Дальнейшее напоминало события, связанные с джинном, выпущенным из бутылки. Сказочный джинн нереален? Хорошо. Можно сравнить с чем-нибудь попроще, но подороже: с игристым вином, даром Солнца, дождавшимся своего отмеренного срока, после которого вино – закупоренный сгусток солнечной энергии! – вышибает пробку, пробка вышибает потолок (опять нереально?)... – а из узкого тёмного стеклянного горла устремляется вверх, к прародителю, неукротимая струя, бурный поток, эпопея, мириады микроскопических воздушных шариков, искрящихся пузырьков с пустотой...
Один из моих питейных приятелей рассказывал как-то в прошлом веке:
– Похмеляться шампанским в сибирских условиях – это дикая пошлость, варварство и невоспитанность, в конце концов. Но что поделать, если с утра ничего другого достать было нельзя?! Встала проблема: как открыть бутылку? Сил-то в руках нету! Спасибо средней школе, вспомнил то ли физику, то ли химию. Разболтал бутылку – и что ж ты думаешь? Ка-а-а-к бабахнет! Пробка люстру с потолка сшибла! А из бутылки шампанское бьёт со свистом – как из пожарного брандспойта! Стакан подставляю... Куда там! Стакан из рук вышибло и в форточку унесло! Таз подставляю – через пять секунд полный! Я ведро тащу – туда нацеливаюсь – через секунду ведро до краёв полно? Подставляю второе, третье... А оно всё хлещет! Фантастика! Опупея! Бегу в ванную…
– Врёшь ты всё, – говорю ему со слабой надеждою, что он врёт, по-диалектному выражаясь, заливает, поскольку при советском образе жизни и способе производства такие феноменальные случаи нереальны. – Врешь ведь?
– Вру, – сказал мой приятель и вздохнул. – Ну и пусть нереально.

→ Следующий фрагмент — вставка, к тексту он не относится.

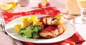 Ingrediente 4 fileuri de somon; 1 lămâie; 3 căței usturoi; 2 lingurițe condimente de pește; sare; 100 g făină; 8 felii de pancetta sau de bacon; 3 linguri ulei de măsline; 200 g brânză topită rotundă; frunze de salată; 1 ...
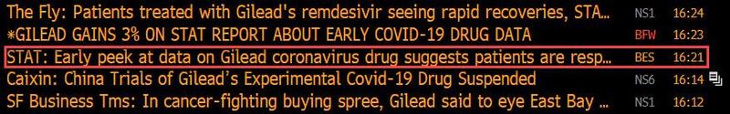 They did just that at 430pm today when the low profile Statnews published a report by Adam Feuerstein, best known for doing the bidding of one or more hedge fund clients, according to which a “Chicago hospital treating severe Covid-19 patients with Gilead Sciences’ antiviral medicine remdesivir in a closely watched clinical trial is seeing rapid recoveries in fever and respiratory symptoms, with nearly all patients discharged in less than a week, STAT has learned.”

Зато как красиво! Не правда ли, друг мой?
– Правда, – отвечаю. – Истинная правда. С аминем и априорными формами сознания...
А наш Художник, между тем, именно так и работал: фонтанировал с неудержимой освобождённой энергией, искрясь и сверкая, ослепительно экспериментировал, шутя, и шутил всерьёз, как маг-чародей, как восточный факир, и все фокусы ему удавались, потому что сам фокусник был трезв, как стёклышко, и в два счёта мог (маг!) убедить любого Фому-неверующего в том, что электросварка в ночи, на вершине ударной комсомольско-молодёжной новостройки есть не брызги электродов, но рождение новой звезды...
В 2005-м году Художник создал серию портретов иркутских поэтов. Поэты о том не знали. Художник создавал их графические образы по их же собственным стихотворным текстам. На вернисаж в Доме литераторов имени Марка Сергеева поэты явились с превентивной осторожностью, но вскоре пришли в нормальное состояние и сказали – одни с философическо-мистическим испугом, другие с невралгическим весельем:
– Похоже!
Так зашагал по жизни проект «Портрет на рубеже веков».
А Художника понесло дальше: в Шанхай на международный фестиваль современного искусства; в Нью-Йорк…
Да, в самый центр империализма – прыжок через океан.
Прыжок совершился, по-спортивно-футбольному говоря, в одно касание, то есть артистично, легко, безнатужно, без особых предварительных экзерсисов. Так опытные музыканты играют любые опусы без подготовки, без репетиций, а прямо «с листа», впервые видя перед собой только что положенный на пюпитр лист нотной партитуры. Даже не верится, что такое может быть реальным.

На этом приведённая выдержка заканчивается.